• What is needed:
Would you retype the whole listing verbatim, keeping pictures out of it?

• Provided data:
■ ■ ■

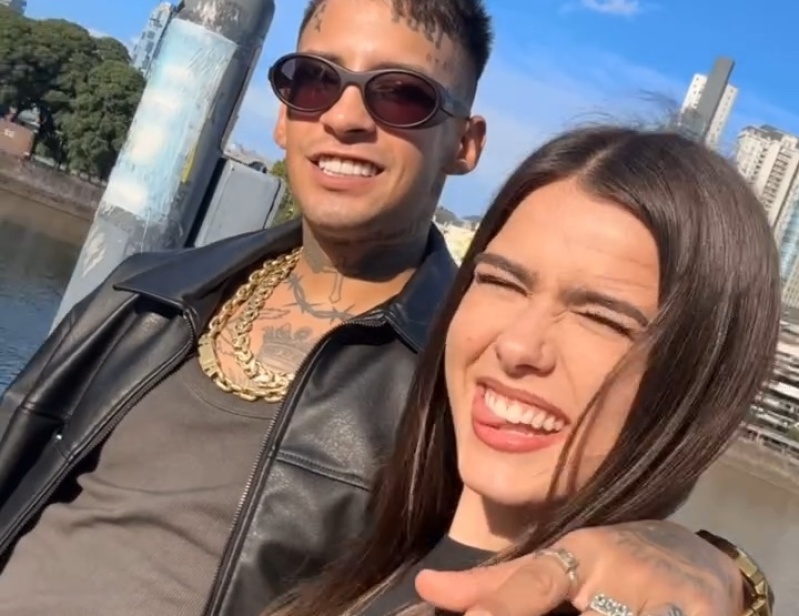 En la imagen el músico de RKT tenía un brazo apoyado sobre el hombro de la cantante, en lo que aparenta ser un paseo por Puerto Madero. Ambos sonríen.
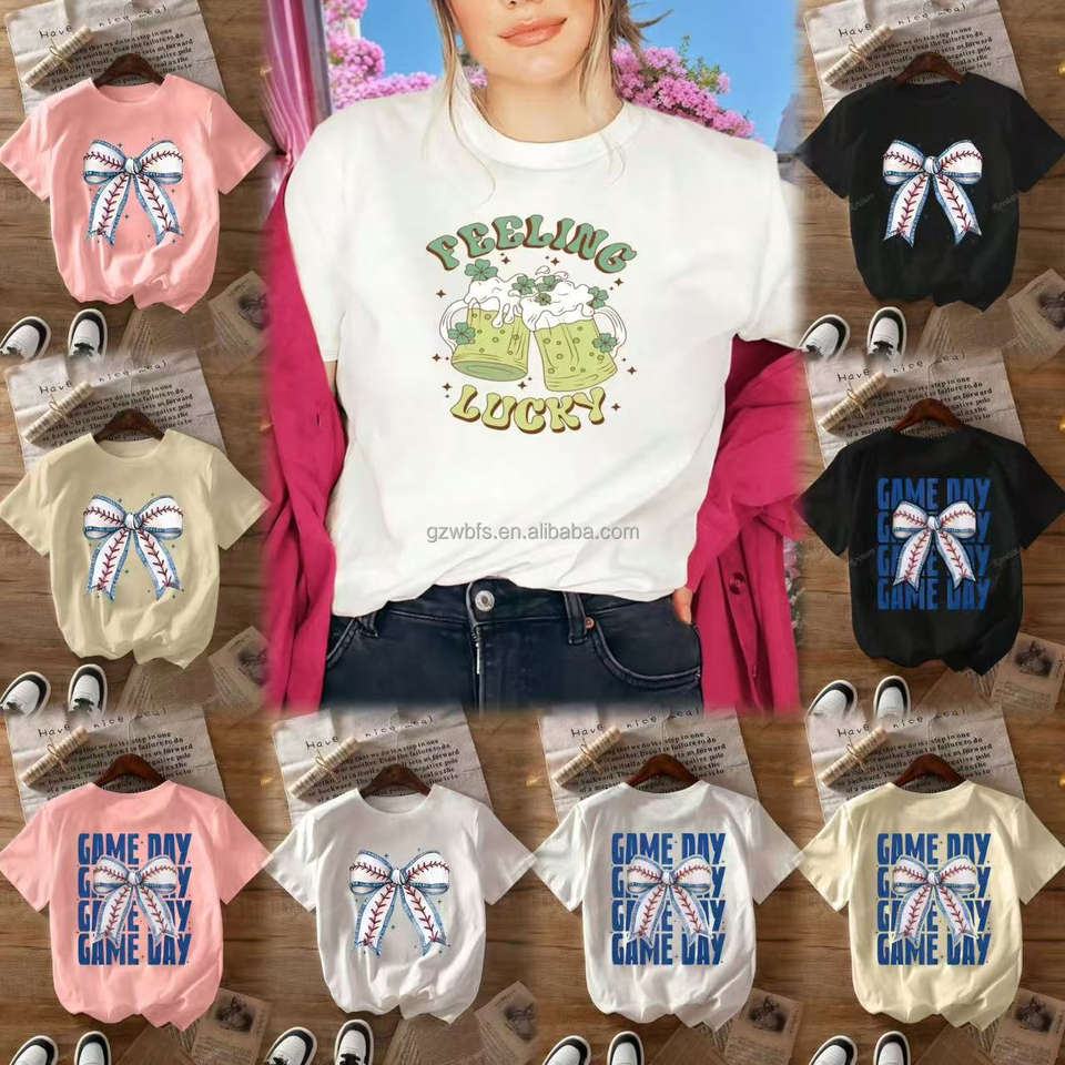 Ladies Casual Summer Outdoor Sports Top Gold Lip Print Flannel Denim T-Shirt Short Sleeves Batik for Holidays Seasonal Holidays
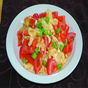 柿子炒雞蛋,又名番茄炒蛋。是許多百姓家庭中一道普通的大眾菜肴。它的烹調(diào)方法簡(jiǎn)單易學(xué),營(yíng)養(yǎng)搭配合理。在口感方面,它色澤鮮艷,口味宜人,爽口、開(kāi)胃,深受大眾喜愛(ài)。同時(shí)營(yíng)養(yǎng)價(jià)值豐富,具有營(yíng)養(yǎng)素互補(bǔ)的特點(diǎn)以及健美抗衰老的作用。

■ ■ ■

• Answer:
 En la imagen el músico de RKT tenía un brazo apoyado sobre el hombro de la cantante, en lo que aparenta ser un paseo por Puerto Madero. Ambos sonríen.
 Ladies Casual Summer Outdoor Sports Top Gold Lip Print Flannel Denim T-Shirt Short Sleeves Batik for Holidays Seasonal Holidays
 柿子炒雞蛋,又名番茄炒蛋。是許多百姓家庭中一道普通的大眾菜肴。它的烹調(diào)方法簡(jiǎn)單易學(xué),營(yíng)養(yǎng)搭配合理。在口感方面,它色澤鮮艷,口味宜人,爽口、開(kāi)胃,深受大眾喜愛(ài)。同時(shí)營(yíng)養(yǎng)價(jià)值豐富,具有營(yíng)養(yǎng)素互補(bǔ)的特點(diǎn)以及健美抗衰老的作用。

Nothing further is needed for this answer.